Алёна поняла, что тайна ее раскрыта и не будет ей пощады.

– Сгною в цепях, света белого не взвидишь, – бесновалась мать Степанида. – Сгинешь в мешке каменном!

Наконец обессилев от злобы и крика, она упала в стоящее возле окна кресло.

– Настя! – позвала игуменья. – Настька, чертова девка!

В комнату вбежала послушница, бледная и растерянная.

– Подслушиваешь, мерзавка!

– Не можно, матушка, – дрожа как осиновый лист на ветру, ответила девушка.

– Позови сестру Арину и сестру Ефросинью, – приказала игуменья.

Послушница убежала и вскоре вернулась с двумя монахинями. Те, склонивши головы, замерли возле двери.

– Отведите ее в келью, – показала она на Алёну. – Глаз с нее не спускайте, взыщу, ежели что!

Монахини молча поклонились и так же молча, взяв Алёну под руки, увели.

По приказу игуменьи монахини монастыря были собраны на внутреннем дворе. Тихо перешептываясь, они гадали, для чего собрали их всех вместе в неурочный час. Но вот на дворе появился сторож монастырский, немой Петр. В одной руке он нес лавку, а в другой – охапку розог. Поставив лавку на середину двора, он принялся отбирать прутья покрепче.

Вскоре появилась мрачная процессия, приведшая монахинь в смятение.
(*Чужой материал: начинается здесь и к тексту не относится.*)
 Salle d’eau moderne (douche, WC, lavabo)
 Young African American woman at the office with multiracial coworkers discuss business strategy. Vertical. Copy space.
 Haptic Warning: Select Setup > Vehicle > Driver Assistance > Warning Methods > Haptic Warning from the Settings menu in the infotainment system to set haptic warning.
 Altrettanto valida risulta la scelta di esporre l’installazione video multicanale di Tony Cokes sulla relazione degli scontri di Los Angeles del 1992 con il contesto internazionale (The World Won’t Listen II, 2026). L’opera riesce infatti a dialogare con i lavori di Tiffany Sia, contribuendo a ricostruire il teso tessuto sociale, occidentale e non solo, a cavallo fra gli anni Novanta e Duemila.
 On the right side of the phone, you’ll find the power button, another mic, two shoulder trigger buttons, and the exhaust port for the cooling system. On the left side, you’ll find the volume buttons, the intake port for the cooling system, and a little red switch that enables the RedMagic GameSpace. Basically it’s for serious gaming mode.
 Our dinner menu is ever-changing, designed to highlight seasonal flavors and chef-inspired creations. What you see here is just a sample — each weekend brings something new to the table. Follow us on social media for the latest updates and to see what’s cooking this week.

Впереди ковыляла, опираясь на палку, ключница Фимка. За ней две монахини в черном вели под руки Алёну в нижней белой рубахе, простоволосую и босую.
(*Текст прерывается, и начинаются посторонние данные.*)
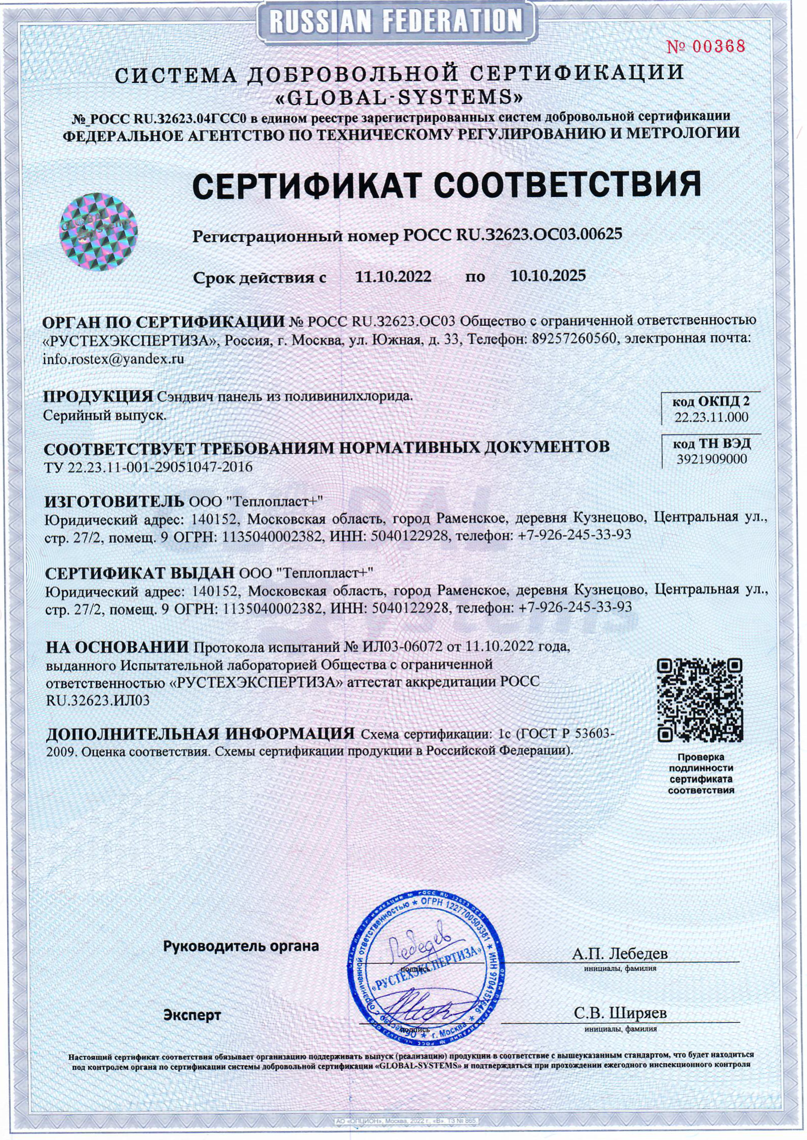 Сертификат о соответствии Теплопласт
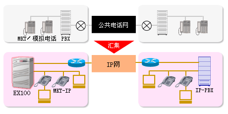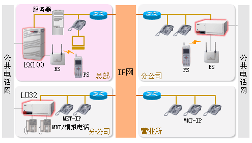 各事業(yè)所的系統(tǒng)利用IP網(wǎng),可以作為設置在總部等地的EX100的內(nèi)線使用。因此,不僅不需要在各事業(yè)所設置PBX/業(yè)務電話設備,而且在小型事業(yè)所也可以應用業(yè)務電話設備無法提供的PBX服務功能。
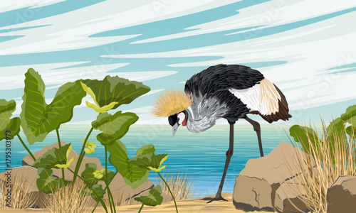 © AnnstasAg, Obraz premium A crowned crane walks along a sandy seashore with tropical plants. Wild bird of Africa. Realistic vector animal.
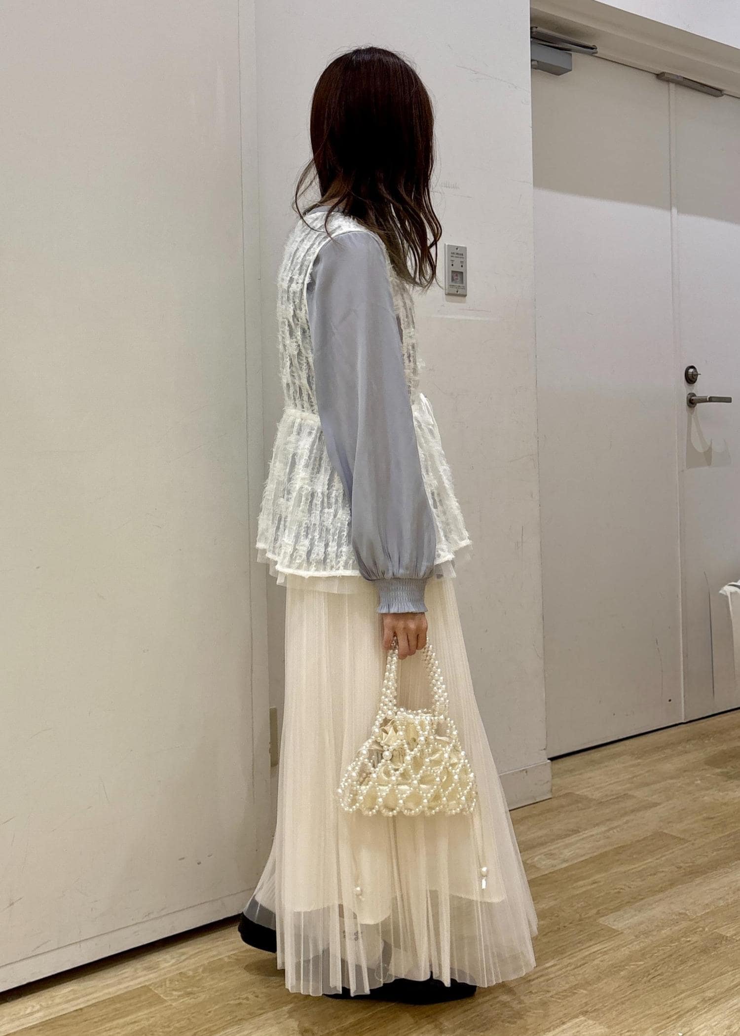 ブラウスは淡いペールトーンのカラーで、カラーアイテムが苦手な方でも取り入れやすくトレンド感のあるコーデになります!

Игуменья, подойдя к Алёне, тихо спросила:

– Не вспомнила еще, где разбойные?

– Нет их в монастыре, – так же тихо ответила Алёна.

– Знаю я это, подземным ходом ушли. Не про тех вопрошаю.

– Других не ведаю, – ответила Алёна и отвернулась.

– Ну, смотри! Надумаешь каяться, знак подашь.

Мать Степанида отошла от Алёны, подняв правую руку вверх, призвала монахинь ко вниманию.

– Дочери и сестры мои! – с печалью в голосе произнесла она. – Грех великий на монастырь наш пал, и виновница тому сестра Алёна. И в грехе том упорна она, ибо каяться не желает и в прощенье Господа нашего ей нужды нет. А посему телесно наказана она будет и на цепь посажена.

Подивились сестры во христе строгости наказания. Давно уже не помнили они, чтоб за провинность какую на цепь сажали. «Знать тяжкий грех совершен: или супротив веры, или супротив государя светлейшего», – решили они.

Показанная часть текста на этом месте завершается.